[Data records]

*** Block opens ***

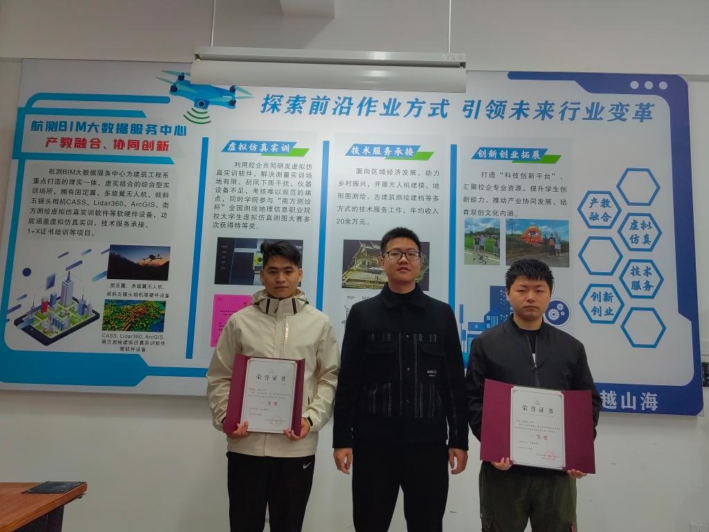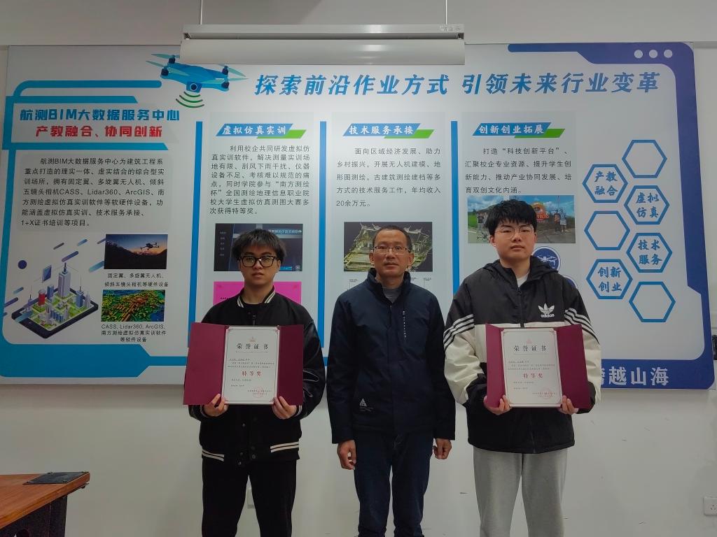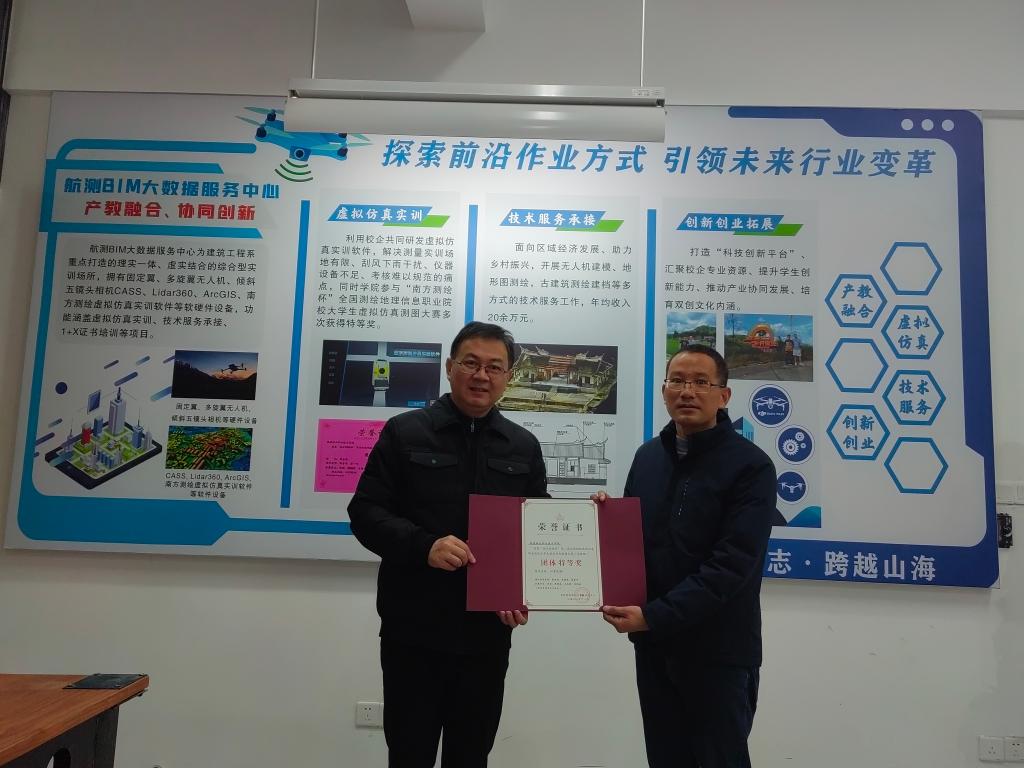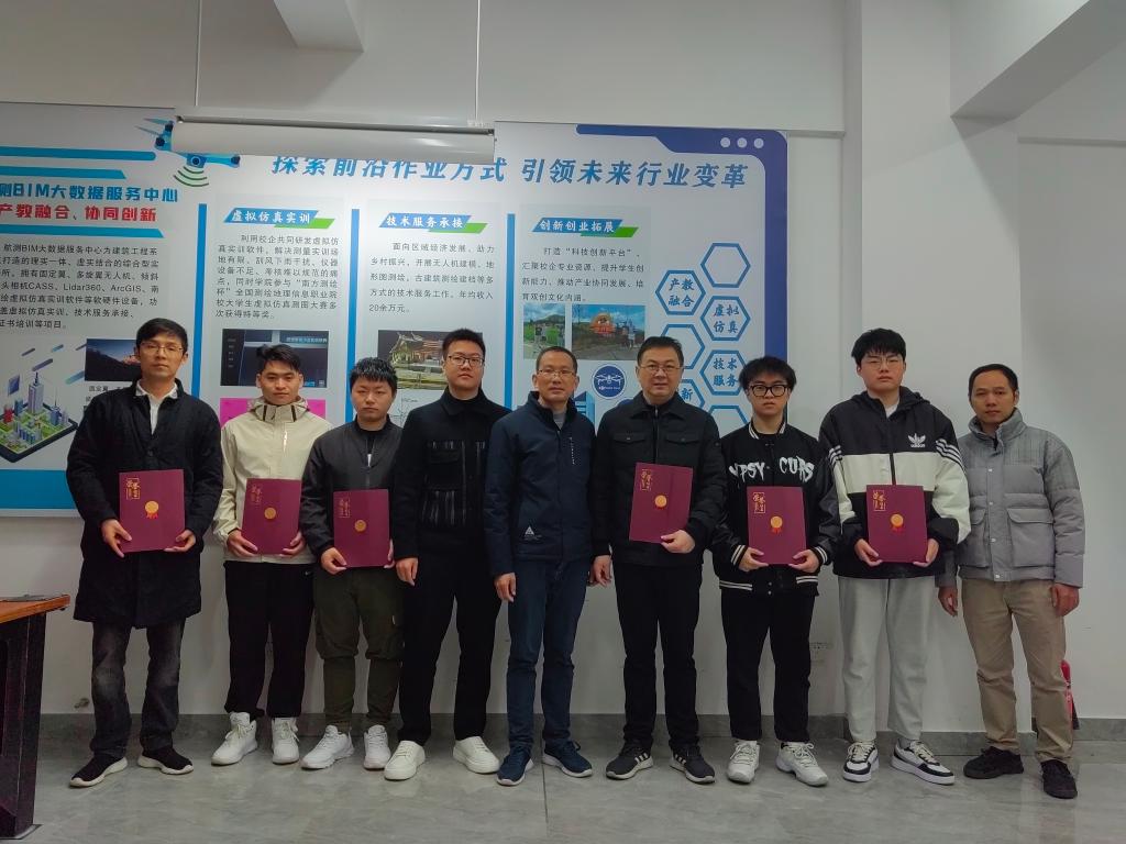 在2022年全国虚拟仿真测图大赛中,我系获得单项特等奖一项、单项一等奖一项,团体特等奖一项,交流会后,王晓、林雨聪对本次获奖选手进行了颁奖。
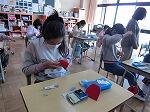 6年生を送る会に向けて、5年生がプレゼント作りをしています。何ができるかはお楽しみですが・・・裁縫をしました。家庭科で習った縫い方を確認して、練習しました。
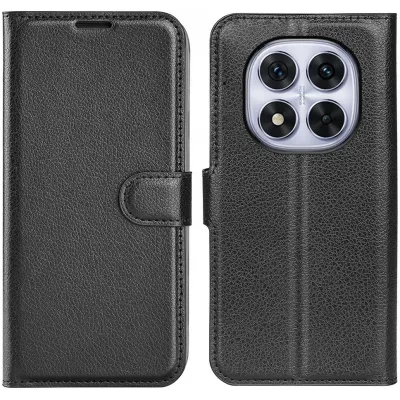 Phonesta Litchi Skin Book Wallet Klapphülle für Xiaomi Redmi Note 14 Pro 5G / Xiaomi Poco X7 - Schwarz
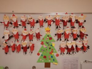 「みんなのサンタさんのところ!」とクリスマス制作でみんなが作ったサンタさんを指さして言っていました。
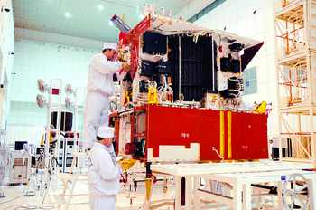 中新網(wǎng)12月23日電 據(jù)中國航天報報道,備受矚目的中國探月衛(wèi)星"嫦娥一號"在順利完成大型熱試驗后,即將進行出廠前的可靠性試驗工作。(陳國英)
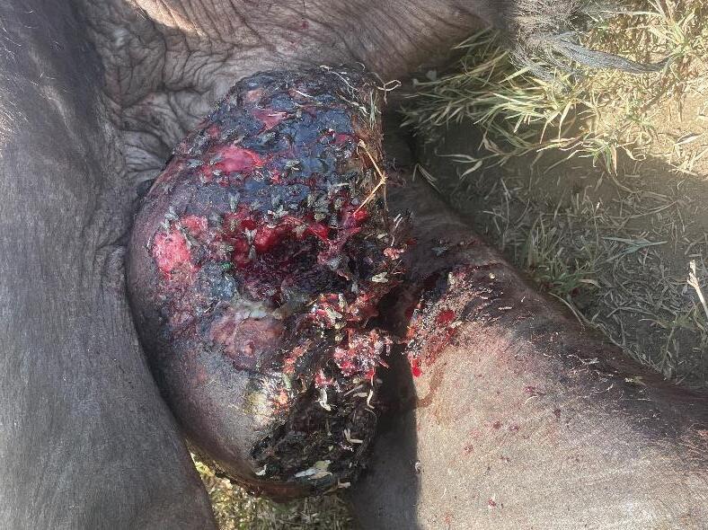 On clinical examination the buffalo was suffering a suspected testicular tumour. The testis was swollen, enlarged and a bleeding with a chronic wound which was unpleasant to see.
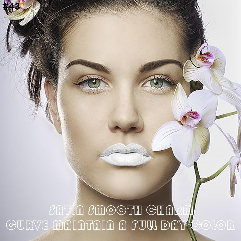 evpct 2Pcs White Matte Liquid Lipstick Lip Gloss Stain and Retractable Lip Liner Makeup Set for Women Long Lasting Waterproof 24 Hours Permanent Lipstick labial mate larga duracion 24 43#
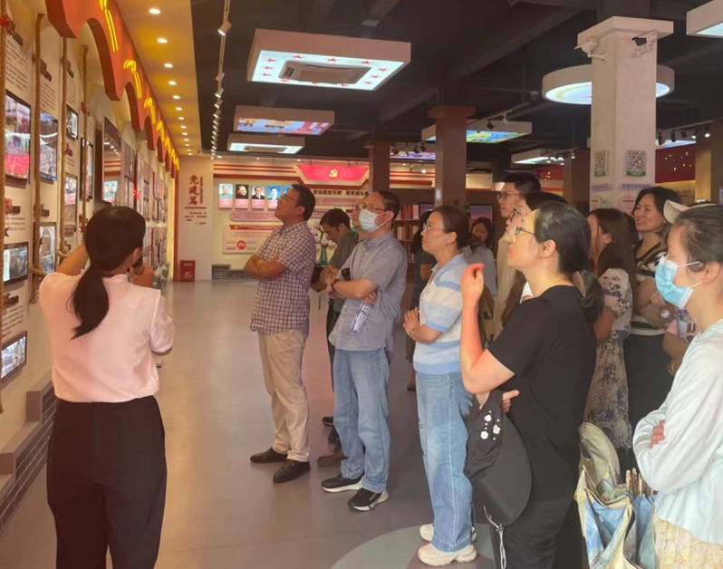 活动第一站来到龙门县政治生活馆参观学习,馆内设党史厅、党建厅、党教厅、党誓厅以及政治生活厅等五个功能厅,提供涵盖“红色传承教育、美丽党建示范、互动学习教育、党员咨询服务、党务知识竞赛、规范组织生活”等多位一体的政治教育服务。马院教师边观看文献资料和历史图片边聆听讲解,进一步了解了龙门县的党建事迹,深刻领略了中国共产党艰苦奋斗的不屈精神。馆内展示的优秀共产党员事迹与违法违纪案例的典型,时刻警醒党员干部筑牢思想堤坝,坚守廉洁底线,对于思政课教师党员而言这是一次深刻的党性教育和精神洗礼。参观结束前,在支部临时负责人宁晓菊的领誓下,全体党员佩戴党徽,高举右拳,面向鲜红的党旗重温入党誓词,更加坚定对党忠诚、为党的事业奋斗终身的信心和信念。
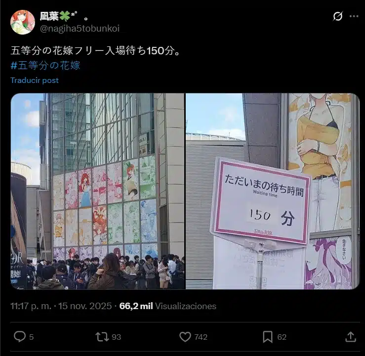 En resumen, si alguien todavía dudaba de la fuerza que The Quintessential Quintuplets mantiene en 2025, la escena en Akihabara lo deja claro con una fila de más de dos horas y media que sigue siendo suficiente para reunir a cientos de fans decididos a conseguir cualquier artículo relacionado con su quintilliza favorita. Esa fidelidad hacia Ichika, Nino, Miku, Yotsuba e Itsuki no solo persiste, sino que parece haberse vuelto parte del ADN de la comunidad.
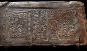 bl.]-89/150-153/227-[1 ] lvs (some marginal stains, some lvs slightly yellowed, small wormholes in the beginning, rare marginal tears, some foxing otherwise fresh copy). Contemporary Flemish binding : calf, boards with 2 blind panel-stamps figuring the Annunciation and Saint James with text in gothic typesetting and separeted by decorated frames, all encircled by blind filets, ribbed spine with blind fillets (upper joint partly split, ties and turn ins lacking, calf partly unstuck on the spine, slightly rubbed, some small stains, three corners dulled, the upper one strongly with lack of leather, re-used vellum with handwritten text on the pastedowns). Second edition (1, ed. : 1502 or 1515 ?), published in the Aldine press, of this work containing the astronomical tables of Ptolemy (c. 90- c. 168) and 5 work extracts of Ovid : "Fastorum", "Tristium", "De Ponto", "In Ibin" and "Ad Liviam". All given by the Italian philologue Nicolò Leonico Tomeo (14561531). With the Aldine marks on title-page and on the back of last leaf. Nice panel-stamped binding with two religious scenes (71 x 52 mm) not listed in Fogelmark, "Expositition de reliures. Du XII, siècle à ia fin du xvr of the Belgian Royal Library and in "Boekbanden uit vijf eeuwen". The first of the Annunciation figures Mary on a prie-Dieu with a star above and on her left Gabriel. The Saint is handing a banner (without inscription) and has the Holy Spirit above him. The scene takes place inside, under diagonal ribs. This panel is surrounded by the text : "Ave gracia plena d[omin]us tecu[m] ecce a[n]cilla d[o]m[in]i fiat michi secundum verbum tuum" with artichokes flowers in the angles. The second panel figures Saint James with 4 prayers (2 on each side) under a vault with the key "Sancte Jacobeo" (?) below. These two panels are separeted by two decorated frames with oak leaves, dragons opposing chimaera, a character or an ape (?) and a man riding a dragon (?). # Adams P-2238; # Renouard 78; # SCT Italian 542 (ed. 1515) and 479 (Works of Ovid) # Soltész O-270 (1567); # not in USTC nor in Machiels. fl Seconde édition des tables astronomiques de Ptolémée et de 5 extraits d’oeuvres d’Ovide ("Les Fastes", "Les Tristes", "Les Pontiques", "L’ibis", "Consolation à Livie Augusta"), donnés par le philologue N. Leonico Tomeo. Plein veau de l’ép. avec des plaques figurant l’Annonciation et Saint Jacques (qqs rouss., qqs taches et mouill. marg., lacets et coiffes manquants, cuir au dos part. décollé).
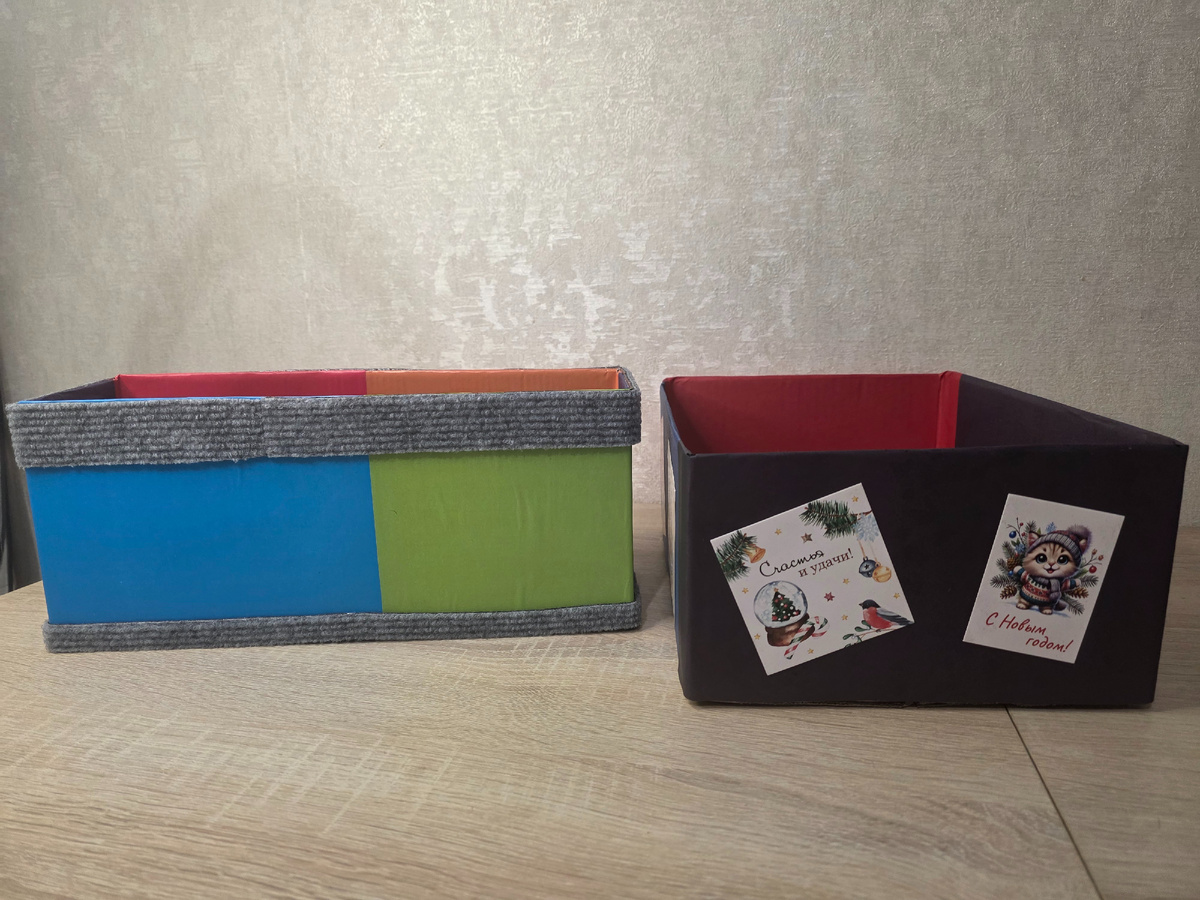 В городе долгими зимними вечерами времени для рукоделия и творчества больше, чем в деревне. Знаю по себе, долгое время жила в деревне и очень скучаю по тому времени: времени уюта, покоя, тишины и размеренности. В деревне ведь как: каждая вещь обязательно пригодится для чего-либо еще, какой-то переделки и послужит рачительным хозяевам дома. Вот опять собралась задекорировать коробки лоя сбора пластиковых крышечек и макулатуры, т.е. сделать простые органайзеры. Здесь у меня остатки цветной бумаги, милые маленькие открытки и коврик-когтеточка для кошки на липкой основе. Декор самый простой: оклеить боковинки цветной бумагой и приклеить открыточки или сделать бордюры из самоклеющегося коврика. Готово!!! Делали с дочкой, Благодатное время: болтаешь, учишься работать в команде, работаешь руками и головой, предлагаешь идеи, учишься делать красивые фото и т.д.

*** Block closes ***

**Work request:** Transcribe exactly, please, the lines between the start of the records above and the line holding "En resumen, si", counting both of those lines and omitting pictures.

**Answer to this problem:**
 在2022年全国虚拟仿真测图大赛中,我系获得单项特等奖一项、单项一等奖一项,团体特等奖一项,交流会后,王晓、林雨聪对本次获奖选手进行了颁奖。
 6年生を送る会に向けて、5年生がプレゼント作りをしています。何ができるかはお楽しみですが・・・裁縫をしました。家庭科で習った縫い方を確認して、練習しました。
 Phonesta Litchi Skin Book Wallet Klapphülle für Xiaomi Redmi Note 14 Pro 5G / Xiaomi Poco X7 - Schwarz
 「みんなのサンタさんのところ!」とクリスマス制作でみんなが作ったサンタさんを指さして言っていました。
 中新網(wǎng)12月23日電 據(jù)中國航天報報道,備受矚目的中國探月衛(wèi)星"嫦娥一號"在順利完成大型熱試驗后,即將進行出廠前的可靠性試驗工作。(陳國英)
 On clinical examination the buffalo was suffering a suspected testicular tumour. The testis was swollen, enlarged and a bleeding with a chronic wound which was unpleasant to see.
 evpct 2Pcs White Matte Liquid Lipstick Lip Gloss Stain and Retractable Lip Liner Makeup Set for Women Long Lasting Waterproof 24 Hours Permanent Lipstick labial mate larga duracion 24 43#
 活动第一站来到龙门县政治生活馆参观学习,馆内设党史厅、党建厅、党教厅、党誓厅以及政治生活厅等五个功能厅,提供涵盖“红色传承教育、美丽党建示范、互动学习教育、党员咨询服务、党务知识竞赛、规范组织生活”等多位一体的政治教育服务。马院教师边观看文献资料和历史图片边聆听讲解,进一步了解了龙门县的党建事迹,深刻领略了中国共产党艰苦奋斗的不屈精神。馆内展示的优秀共产党员事迹与违法违纪案例的典型,时刻警醒党员干部筑牢思想堤坝,坚守廉洁底线,对于思政课教师党员而言这是一次深刻的党性教育和精神洗礼。参观结束前,在支部临时负责人宁晓菊的领誓下,全体党员佩戴党徽,高举右拳,面向鲜红的党旗重温入党誓词,更加坚定对党忠诚、为党的事业奋斗终身的信心和信念。
 En resumen, si alguien todavía dudaba de la fuerza que The Quintessential Quintuplets mantiene en 2025, la escena en Akihabara lo deja claro con una fila de más de dos horas y media que sigue siendo suficiente para reunir a cientos de fans decididos a conseguir cualquier artículo relacionado con su quintilliza favorita. Esa fidelidad hacia Ichika, Nino, Miku, Yotsuba e Itsuki no solo persiste, sino que parece haberse vuelto parte del ADN de la comunidad.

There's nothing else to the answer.